Additionally, the Company has two locations that are classified as “held for sale” as of December 27, 2002. These locations include 19.1 acres of land with three buildings totaling 220,000 square feet in Lisle, Illinois, and a 124,000-square foot building on approximately 76 acres of land in Round Rock, Texas.

In Shannon, Ireland, the Company owns a 135,000-square foot manufacturing facility, which is built on land obtained through a long-term lease entered into during 1997. The Company is currently in the process of finding a buyer for this building.

Significant facilities leased by the Company include: a facility in Ashburn, Virginia (72,000 square feet) for research and development; two locations in Espoo, Finland (60,000 square feet, total) housing administrative and engineering functions; and locations in Oulu, Tampere, and Verkaus, Finland (94,000 square feet, total) for research and development.

In addition to these facilities, the Company leases four sales offices and one research and development facility in the United States. In Canada, the Company leases one sales office and one research and development facility. Internationally, the Company leases various small sales offices in twenty-four countries.

The Company consolidated certain facilities as part of its restructuring efforts in both 2001 and 2002. As a result, the Company currently has certain locations available for sublease. These locations include: Roswell, Georgia (25,500 square feet); Bolingbrook, Illinois (54,000 square feet); Lisle, Illinois (93,000 square feet); Warrenville, Illinois (137,000 square feet); Schaumburg, Illinois (12,700 square feet); Germantown, Maryland (94,000 square feet); Burlington, Massachusetts (60,000 square feet) Chelmsford, Massachusetts (260,000 square feet); Drogheda, Ireland (122,000 square feet); Wilmington, Massachusetts (77,000 square feet); Burlington, Massachusetts (60,000 square feet); Ronkonkoma, New York (130,000 square feet); and Reston, Virginia (41,200 square feet).

The Company owns substantially all of the equipment used in its business. The Company believes that its facilities are adequate for the level of production anticipated in 2003, and that suitable additional space and equipment will be available to accommodate expansion as needed.

ITEM 3. LEGAL PROCEEDINGS

On June 18, 2002, a class action complaint was filed in the United States District Court of the Northern District of Illinois against the Company, Michael Birck, and Richard Notebaert (former CEO, Director, and President of the Company). Thereafter, eight similar complaints were also filed in the United States District Court of the Northern District of Illinois against the same defendants. All nine of these actions were subsequently consolidated, and on December 3, 2002, a consolidated amended class action complaint was filed against the Company, Mr. Birck, Mr. Notebaert, and certain other of the Company’s current or former officers and/or directors.

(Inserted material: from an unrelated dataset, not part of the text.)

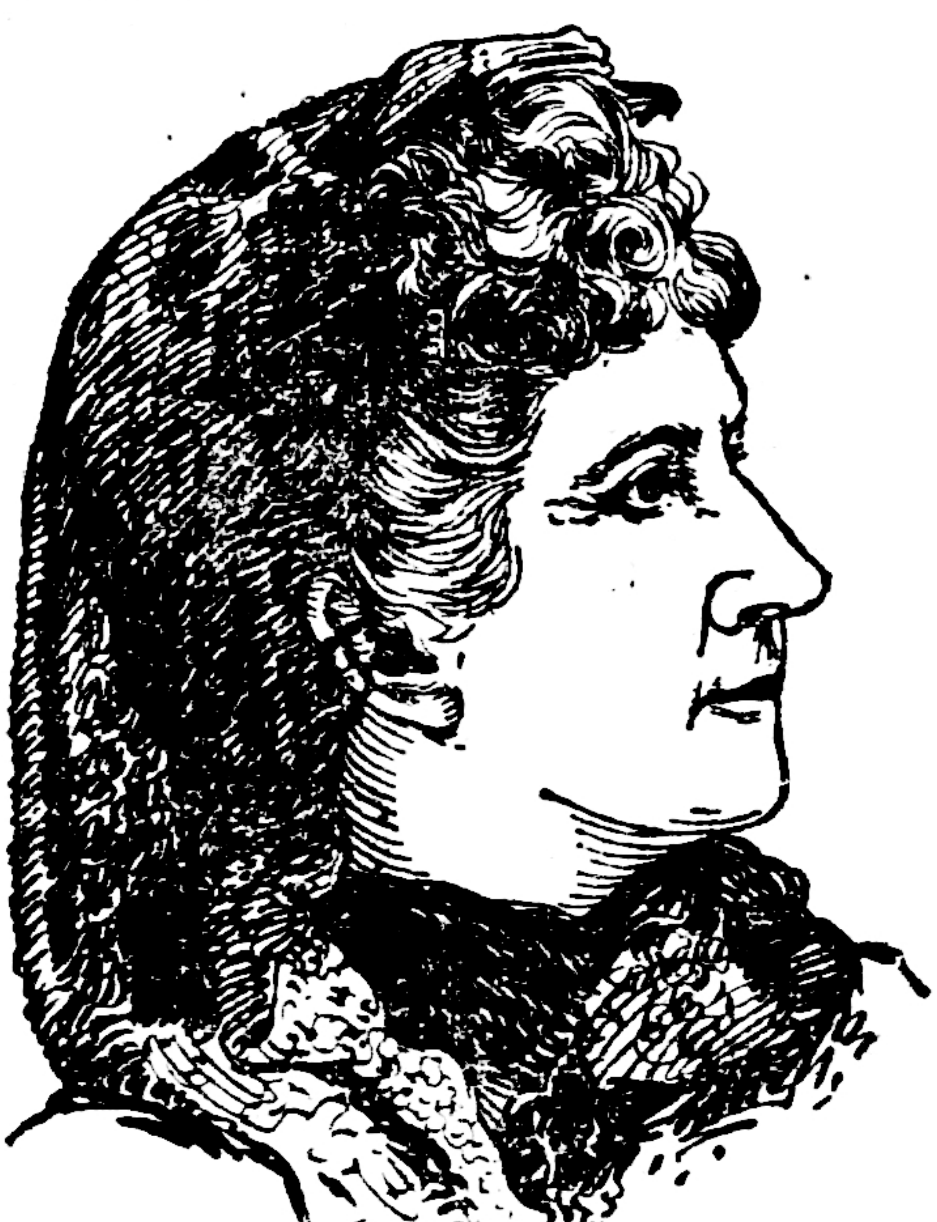
Mrs. Belva A. Lockwood.

Mrs. Belva Lockwood, the eminent barrister, of Washington, D. C., is the only woman who has ever been a candidate for the Presidency of the United States. She is the best known woman

The consolidated amended complaint alleges that during the class period (December 11, 2000-June 19, 2001) the defendants allegedly violated the federal securities laws by allegedly making materially false and misleading statements, including, among other things, providing revenue forecasts that plaintiffs allege were false and misleading and allegedly reporting overstated revenues for the fourth quarter of the year 2000 in the Company’s financial statements. Further, certain of the individual defendants are alleged to have violated the federal securities laws by trading Company securities while allegedly in possession of material, non-public information about the Company pertaining to these matters. No specific amount of damages has been claimed. On January 17, 2003, the Company and the other named defendants filed a motion to dismiss the consolidated amended class action complaint in its entirety. The Company intends to defend this action vigorously.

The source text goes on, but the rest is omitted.